[[ EXERCISE DATA, beginning ]]

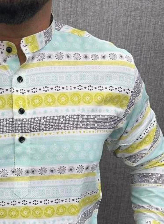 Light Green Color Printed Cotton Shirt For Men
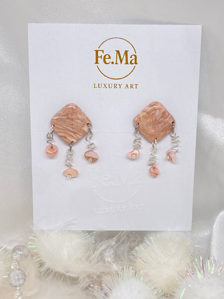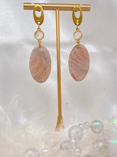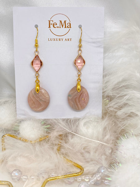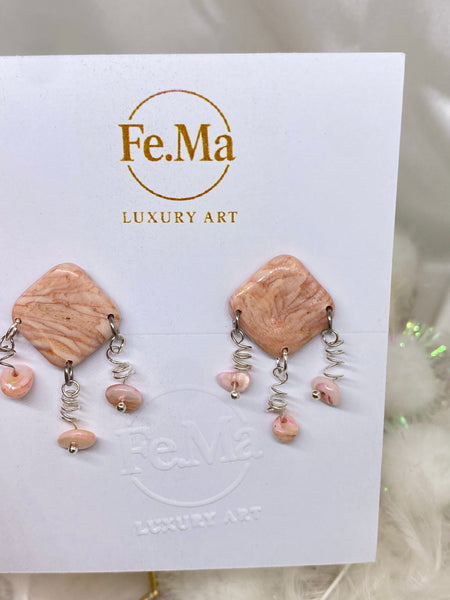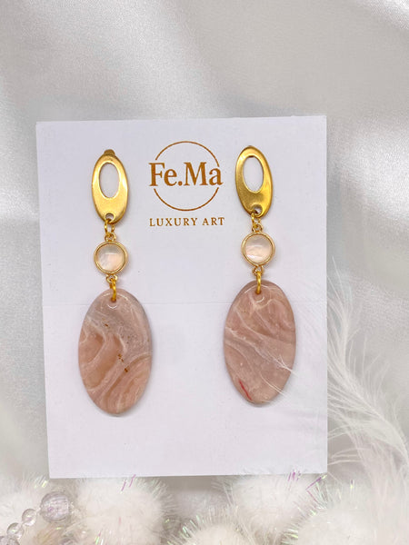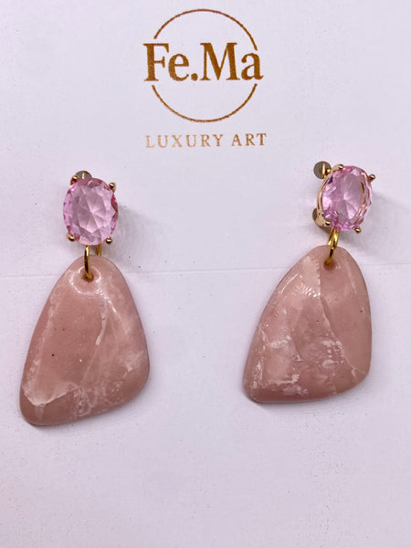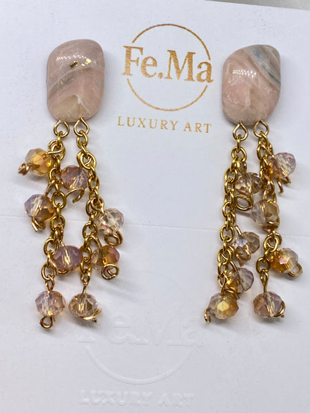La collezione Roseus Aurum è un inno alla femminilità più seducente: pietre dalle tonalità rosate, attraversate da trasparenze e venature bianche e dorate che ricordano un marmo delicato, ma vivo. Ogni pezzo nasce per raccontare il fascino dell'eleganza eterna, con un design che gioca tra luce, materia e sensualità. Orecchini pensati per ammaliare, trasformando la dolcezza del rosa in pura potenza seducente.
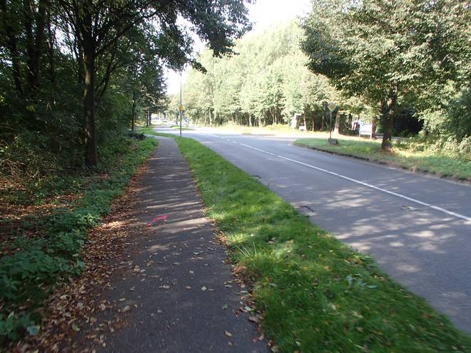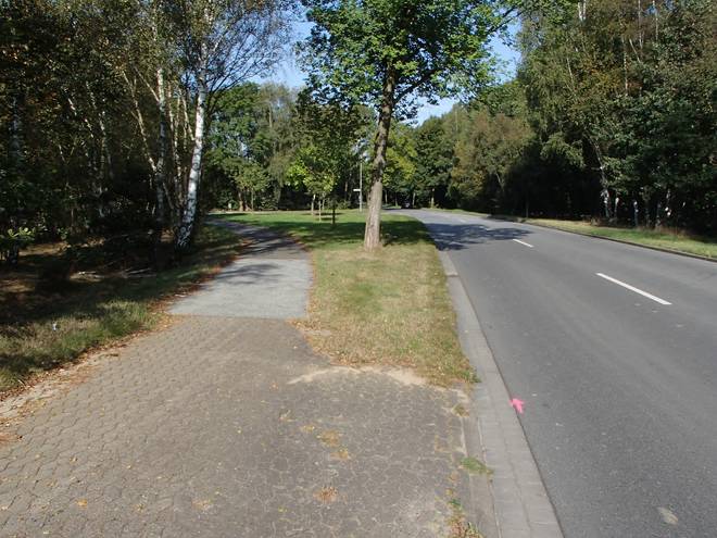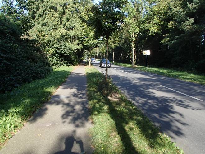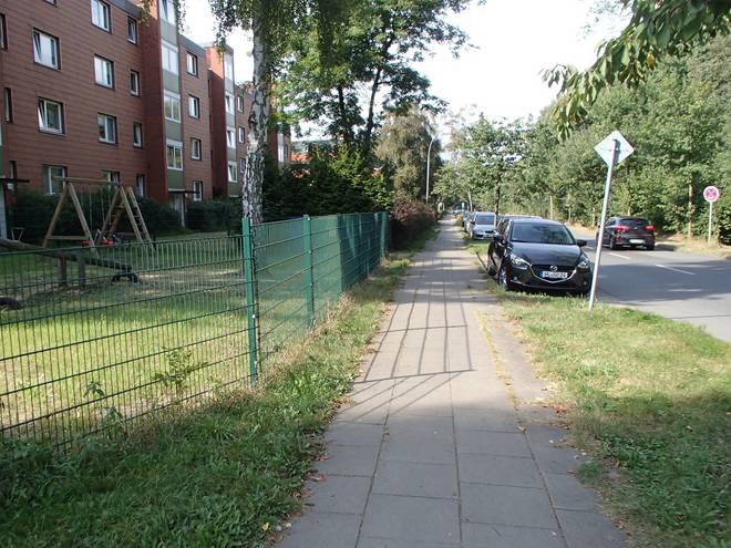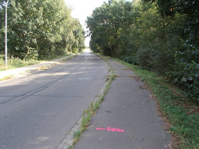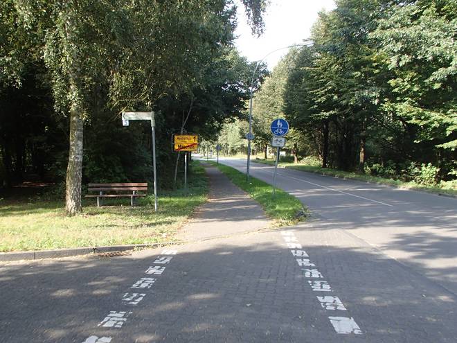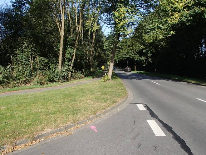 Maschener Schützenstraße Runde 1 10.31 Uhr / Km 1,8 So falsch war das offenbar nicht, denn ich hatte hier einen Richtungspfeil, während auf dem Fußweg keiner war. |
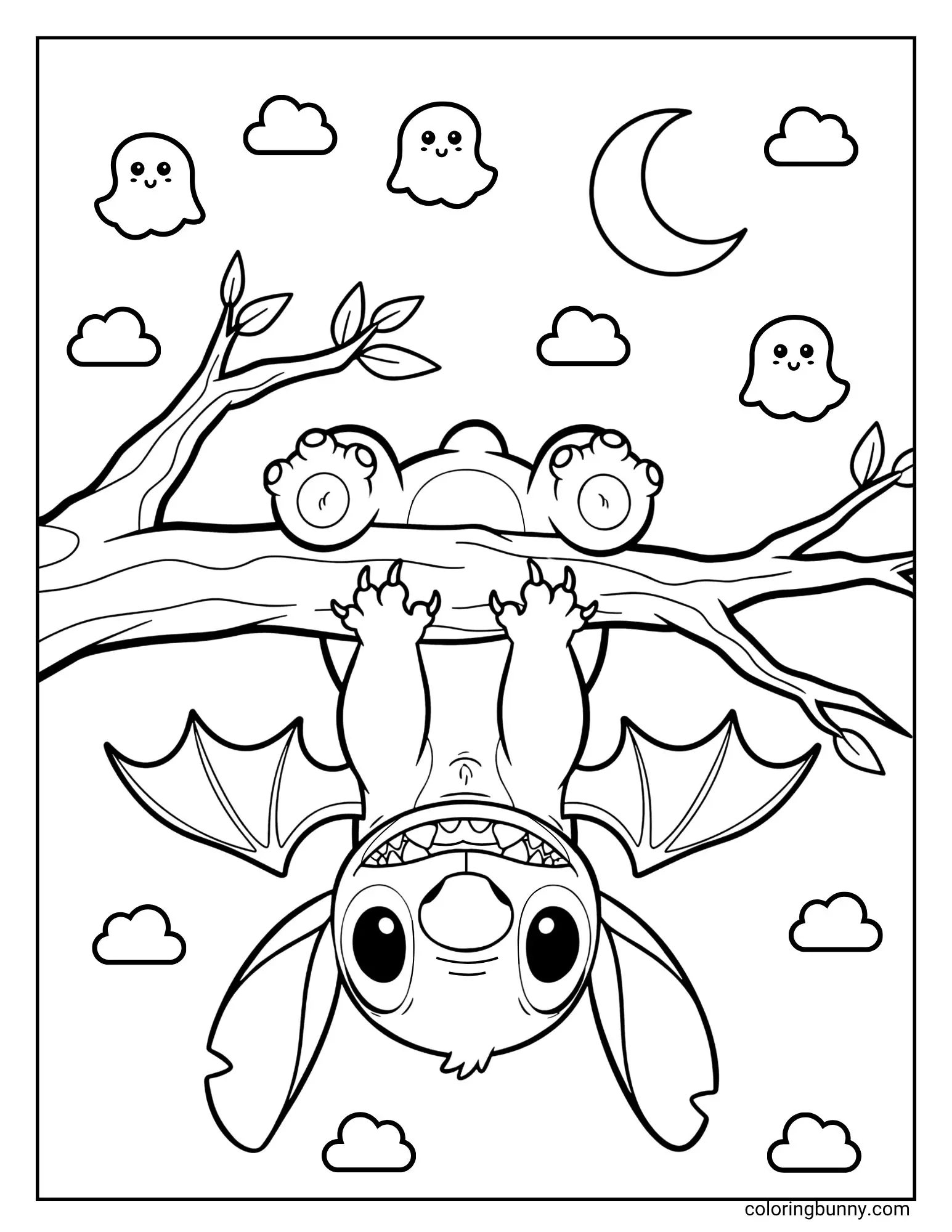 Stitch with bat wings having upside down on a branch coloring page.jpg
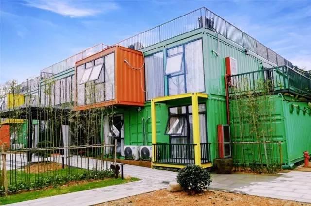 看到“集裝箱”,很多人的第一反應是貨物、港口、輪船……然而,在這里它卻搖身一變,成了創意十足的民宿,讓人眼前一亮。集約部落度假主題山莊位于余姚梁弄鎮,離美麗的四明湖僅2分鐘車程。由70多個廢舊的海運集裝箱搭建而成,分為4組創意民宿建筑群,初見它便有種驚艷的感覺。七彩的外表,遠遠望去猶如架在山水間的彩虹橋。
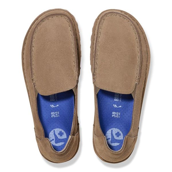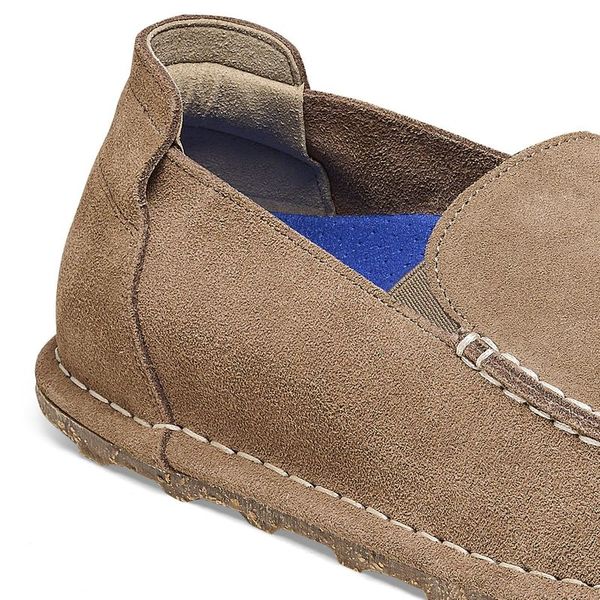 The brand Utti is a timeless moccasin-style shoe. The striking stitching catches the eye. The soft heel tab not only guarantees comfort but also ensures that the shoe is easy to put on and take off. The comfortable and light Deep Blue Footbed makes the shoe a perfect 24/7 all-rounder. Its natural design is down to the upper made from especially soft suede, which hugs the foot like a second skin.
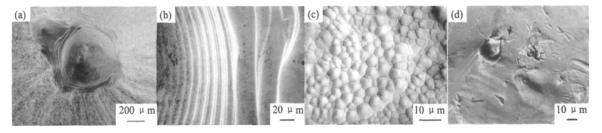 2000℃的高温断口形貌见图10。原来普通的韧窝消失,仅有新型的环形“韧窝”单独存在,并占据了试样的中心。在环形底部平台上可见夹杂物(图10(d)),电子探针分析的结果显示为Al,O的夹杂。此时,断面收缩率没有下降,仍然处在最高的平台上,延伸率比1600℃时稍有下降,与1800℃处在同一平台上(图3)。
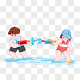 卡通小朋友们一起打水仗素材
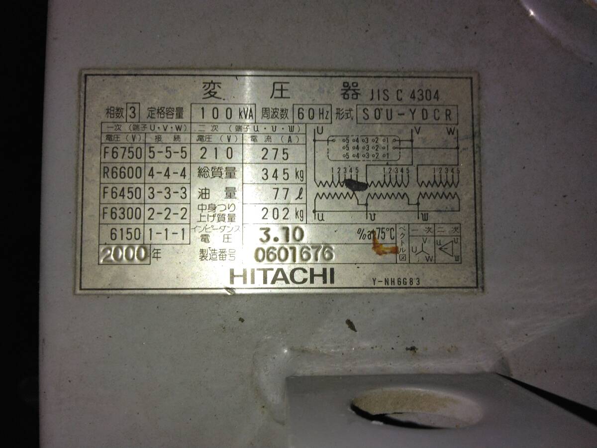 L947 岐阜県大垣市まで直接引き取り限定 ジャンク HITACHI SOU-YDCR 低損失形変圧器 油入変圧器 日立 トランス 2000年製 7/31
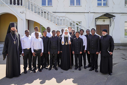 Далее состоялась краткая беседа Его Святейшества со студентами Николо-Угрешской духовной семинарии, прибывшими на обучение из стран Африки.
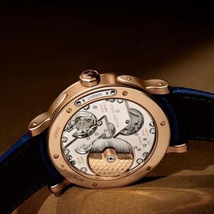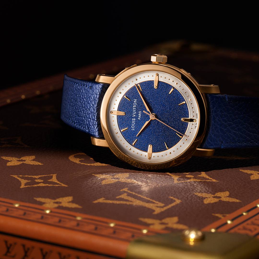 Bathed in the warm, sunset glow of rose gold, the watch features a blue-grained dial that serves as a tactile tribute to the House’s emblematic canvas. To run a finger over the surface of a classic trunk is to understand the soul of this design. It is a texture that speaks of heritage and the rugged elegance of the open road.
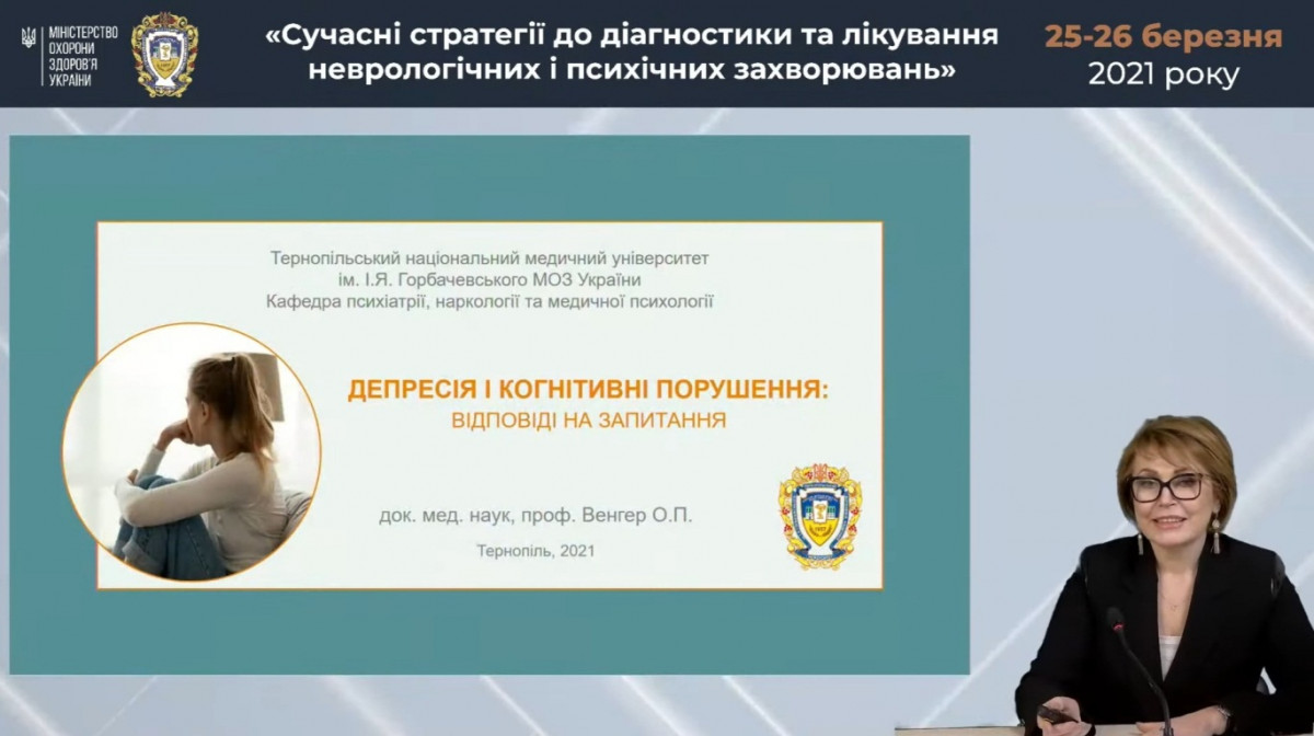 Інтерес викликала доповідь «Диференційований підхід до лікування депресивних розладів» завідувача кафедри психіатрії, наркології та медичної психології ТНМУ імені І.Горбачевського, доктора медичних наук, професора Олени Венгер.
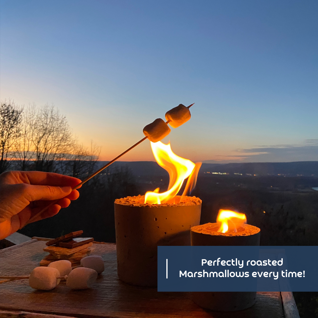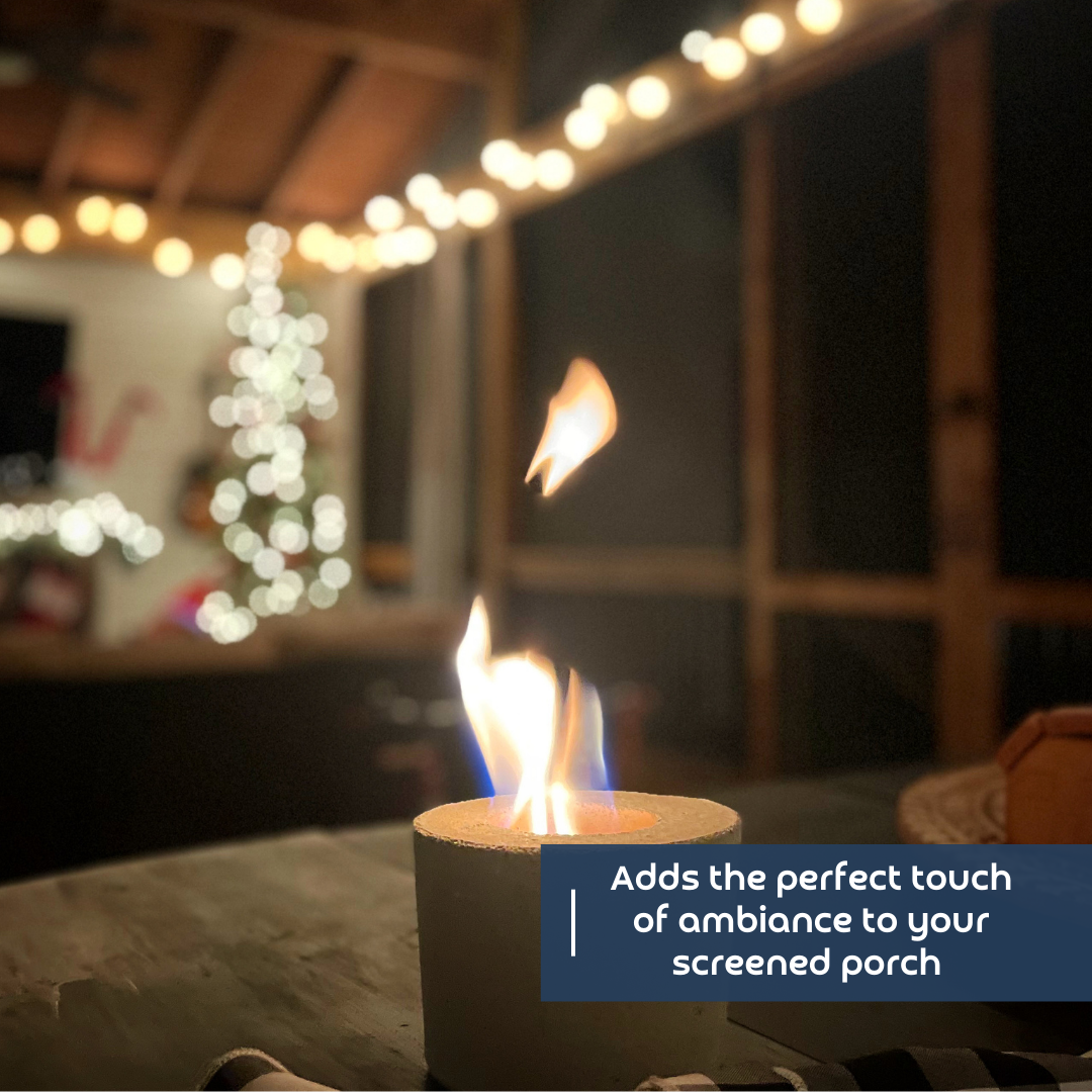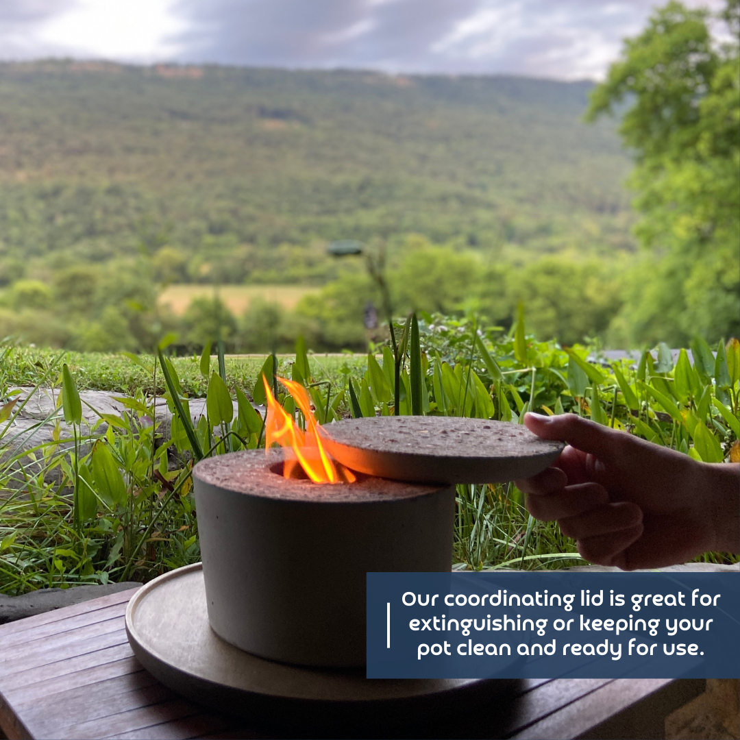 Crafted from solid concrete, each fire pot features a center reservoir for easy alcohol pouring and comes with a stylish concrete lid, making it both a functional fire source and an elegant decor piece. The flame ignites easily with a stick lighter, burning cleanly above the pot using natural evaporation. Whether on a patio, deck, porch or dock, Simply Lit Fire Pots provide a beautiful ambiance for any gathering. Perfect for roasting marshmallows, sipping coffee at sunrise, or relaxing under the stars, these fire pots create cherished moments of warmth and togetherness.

[[ EXERCISE DATA, end ]]

BRIEF >>
Beginning with the line above that has "La collezione Roseus" and going on through the line that has "Bathed in the", retype every line exactly and add nothing else; drop the pictures.

ANSWER SPACE >>
La collezione Roseus Aurum è un inno alla femminilità più seducente: pietre dalle tonalità rosate, attraversate da trasparenze e venature bianche e dorate che ricordano un marmo delicato, ma vivo. Ogni pezzo nasce per raccontare il fascino dell'eleganza eterna, con un design che gioca tra luce, materia e sensualità. Orecchini pensati per ammaliare, trasformando la dolcezza del rosa in pura potenza seducente.
 Maschener Schützenstraße Runde 1 10.31 Uhr / Km 1,8 So falsch war das offenbar nicht, denn ich hatte hier einen Richtungspfeil, während auf dem Fußweg keiner war. |
 Stitch with bat wings having upside down on a branch coloring page.jpg
 看到“集裝箱”,很多人的第一反應是貨物、港口、輪船……然而,在這里它卻搖身一變,成了創意十足的民宿,讓人眼前一亮。集約部落度假主題山莊位于余姚梁弄鎮,離美麗的四明湖僅2分鐘車程。由70多個廢舊的海運集裝箱搭建而成,分為4組創意民宿建筑群,初見它便有種驚艷的感覺。七彩的外表,遠遠望去猶如架在山水間的彩虹橋。
 The brand Utti is a timeless moccasin-style shoe. The striking stitching catches the eye. The soft heel tab not only guarantees comfort but also ensures that the shoe is easy to put on and take off. The comfortable and light Deep Blue Footbed makes the shoe a perfect 24/7 all-rounder. Its natural design is down to the upper made from especially soft suede, which hugs the foot like a second skin.
 2000℃的高温断口形貌见图10。原来普通的韧窝消失,仅有新型的环形“韧窝”单独存在,并占据了试样的中心。在环形底部平台上可见夹杂物(图10(d)),电子探针分析的结果显示为Al,O的夹杂。此时,断面收缩率没有下降,仍然处在最高的平台上,延伸率比1600℃时稍有下降,与1800℃处在同一平台上(图3)。
 卡通小朋友们一起打水仗素材
 L947 岐阜県大垣市まで直接引き取り限定 ジャンク HITACHI SOU-YDCR 低損失形変圧器 油入変圧器 日立 トランス 2000年製 7/31
 Далее состоялась краткая беседа Его Святейшества со студентами Николо-Угрешской духовной семинарии, прибывшими на обучение из стран Африки.
 Bathed in the warm, sunset glow of rose gold, the watch features a blue-grained dial that serves as a tactile tribute to the House’s emblematic canvas. To run a finger over the surface of a classic trunk is to understand the soul of this design. It is a texture that speaks of heritage and the rugged elegance of the open road.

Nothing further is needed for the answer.